Phelan’s favorite feature is the check-in feature. “I can securely send the patient just a quick ‘How are you doing?’ message, which many times returns a reply of ‘great’ or ‘fine,’ but also may give me clues early on to potential problems,” he says. Phelan would like to see the ability to send in refills or new medications from the app.

UpToDate  

UpToDate is an evidence-based clinical decision support resource with accurate medical data to help even the highly trained physician stay current.

The UpToDate Mobile App and UpToDate MobileComplete for Android, Apple and Windows 8 phones and tablets combine physician-authored clinical knowledge in an innovative technology package that has become integral to clinical workflows for more than 700,000 physicians around the globe, says Andre Rebelo with Wolters Kluwer Health, maker of UpToDate.

UpToDate provides an extensive, continuously updated, searchable data store of clinical content for practicing physicians. The app enables quick information retrieval using a continual login and suggested search terms. Physicians can assign bookmarks, allow auto-complete for search terms and save their search histories.

UpToDate connects physicians to more than 10,000 topical reviews across more than 20 medical specialties. Data from UpToDate vendor Wolters Kluwer Health suggests that physicians use UpToDate more than 18 million times per month to aid their diagnostic and treatment decisions. This suggests a highly trusted resource. UpToDate data is peer-reviewed for accuracy and timeliness.

UpToDateUpToDate

Peter Chang, M.D., associate program director and academic hospitalist for the University of South Florida Morsani College of Medicine, also practices at Tampa General Hospital.

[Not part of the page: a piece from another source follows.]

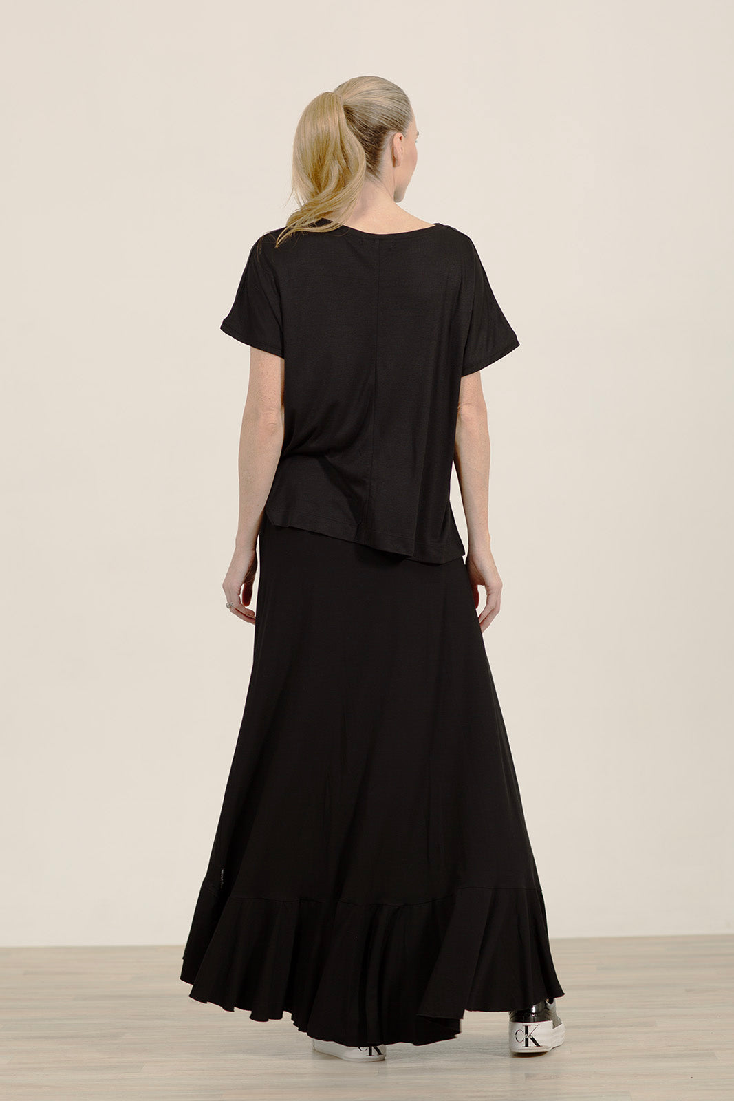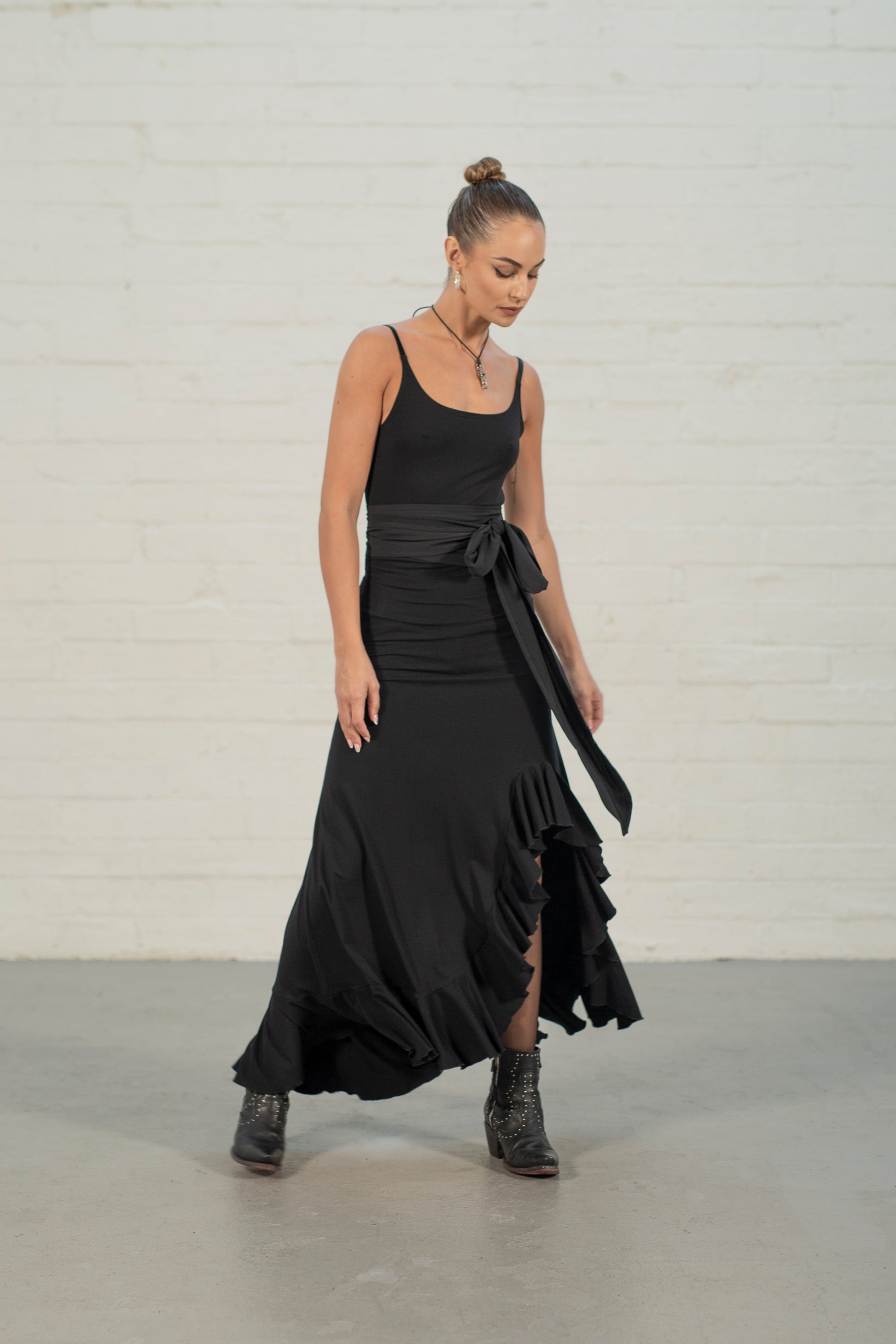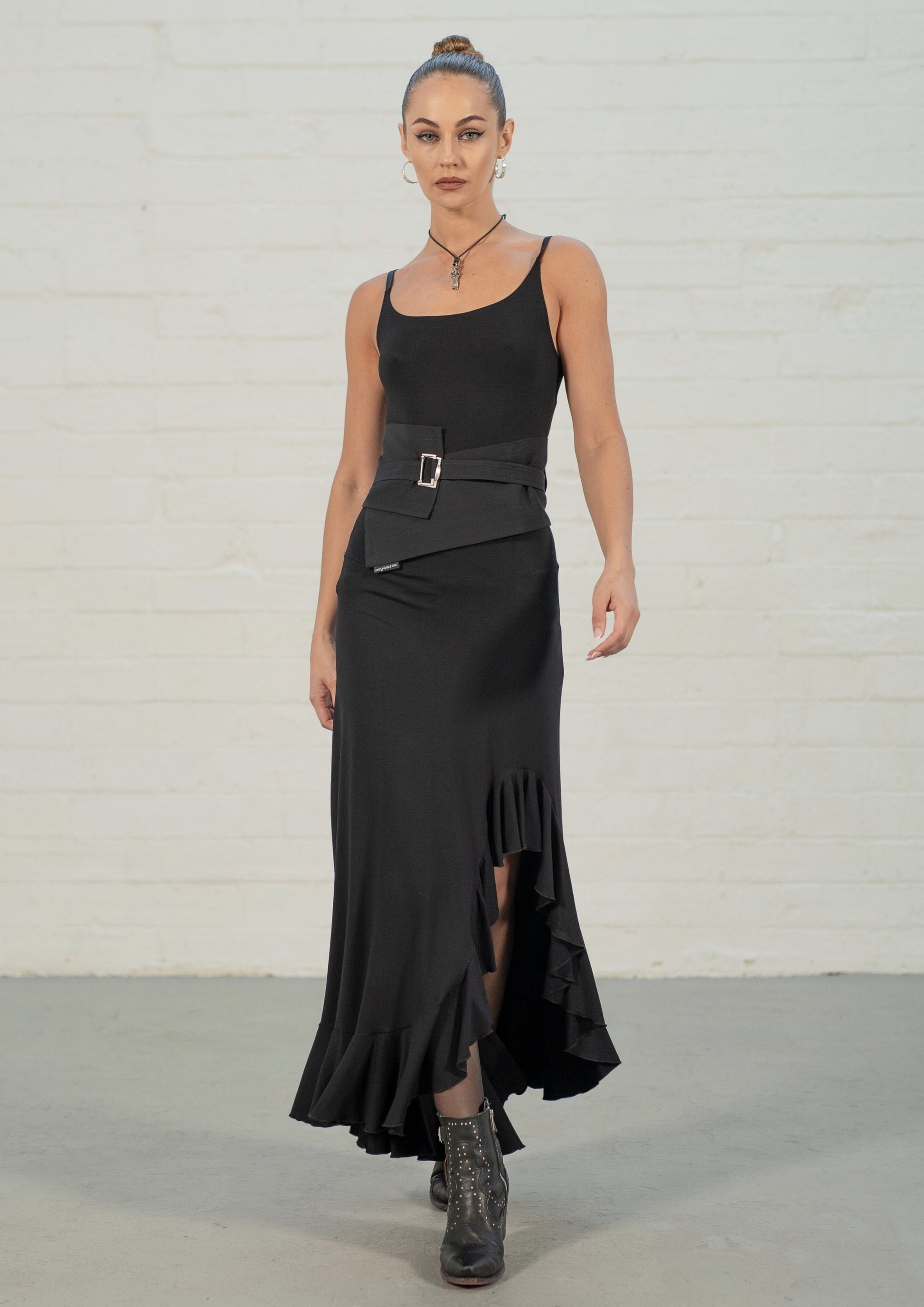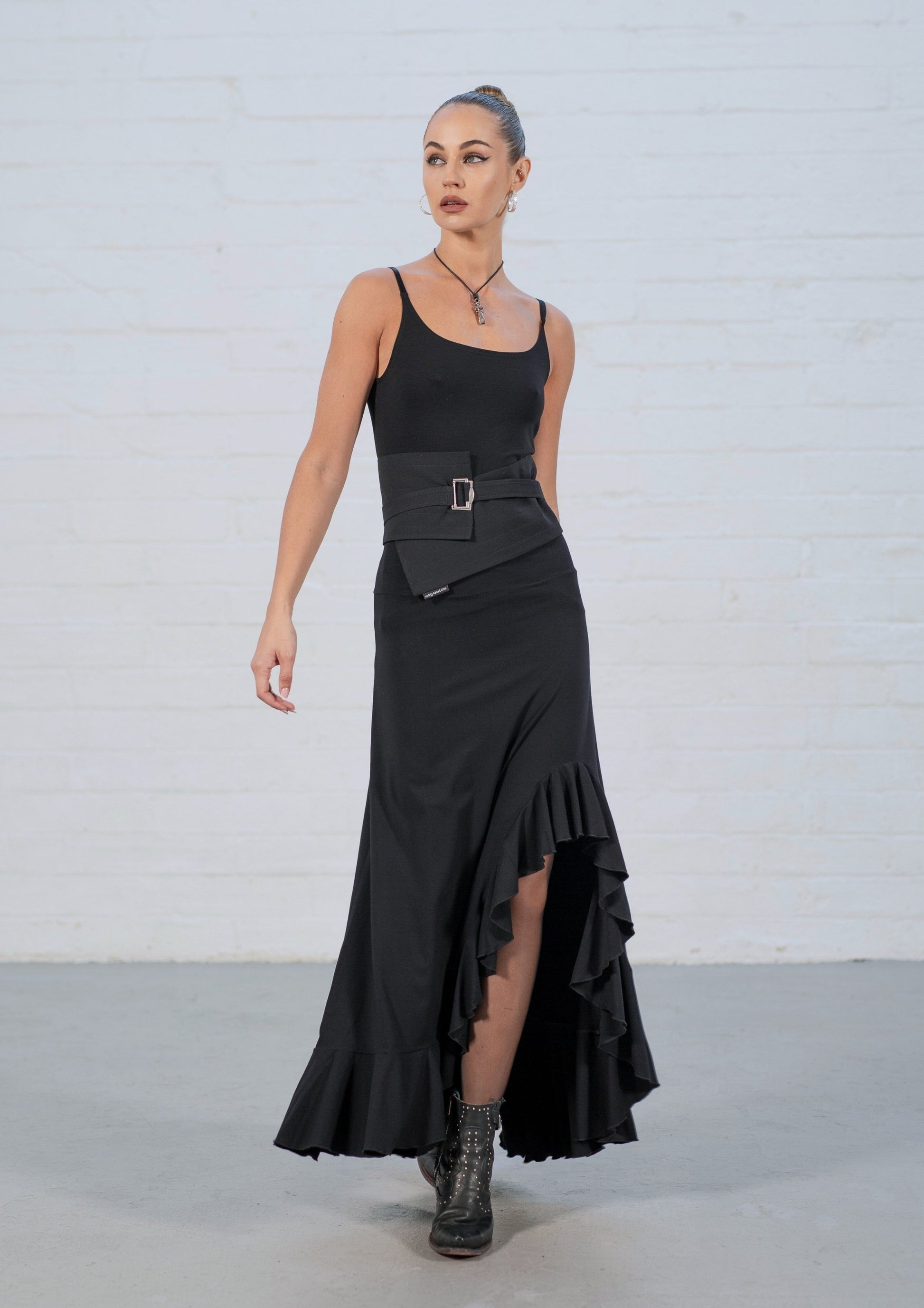Fitted on the upper hip, the skirt flows out beautifully, with no clinging, and finishes in an asymmetrical frilled hem that gives you a perfect flash of leg. It’s ideal for pairing with opaque tights in winter for full coverage, and it works effortlessly with all of our tops this season.

“I needed a way to source all my medical queries—whether searching general knowledge on a medical topic or finding the most current evidence-based guidelines,” Chang says. “UpToDate meets my needs. With the advent of the UpToDate app, I have a platform I can access when I’m outside the hospital as well.”

Prior to using the UpToDate app, Chang used Internet searches, which are often unreliable.

“Those responses are not uniform, and I would have to sift through a large amount of data to find what I needed,” he says. “PubMed searches were a more reliable option, but it was time-consuming trying to gain access to the articles that those searches returned. I really had to commit to sitting down behind the computer to execute my searches, which was not the most efficient method.”

Chang uses UpToDate on his iPhone to brush up on topics before teaching residents and students or giving patient-specific education on a particular disease process.

“The UpToDate mobile app makes it much easier to access information quickly,” he says. “Our residents also rely on the UpToDate app when admitting a patient.”

Chang uses UpToDate when researching from home. UpToDate searches often serve as a springboard for more extensive research using other evidence-based information such as journal articles.

His favorite UpToDate features include UpToDate Mobile’s calculators, which aid in-patient care diagnoses. “We may need to calculate fractional excretions of sodium, MELDs or GFRs.

With the UpToDate mobile app, I can pull up almost every medical formula there is, see how it is derived, and plug in patient information to perform calculations,” he says.

The only improvement Chang would recommend is access within the app to full journal articles rather than only the article citations and abstracts.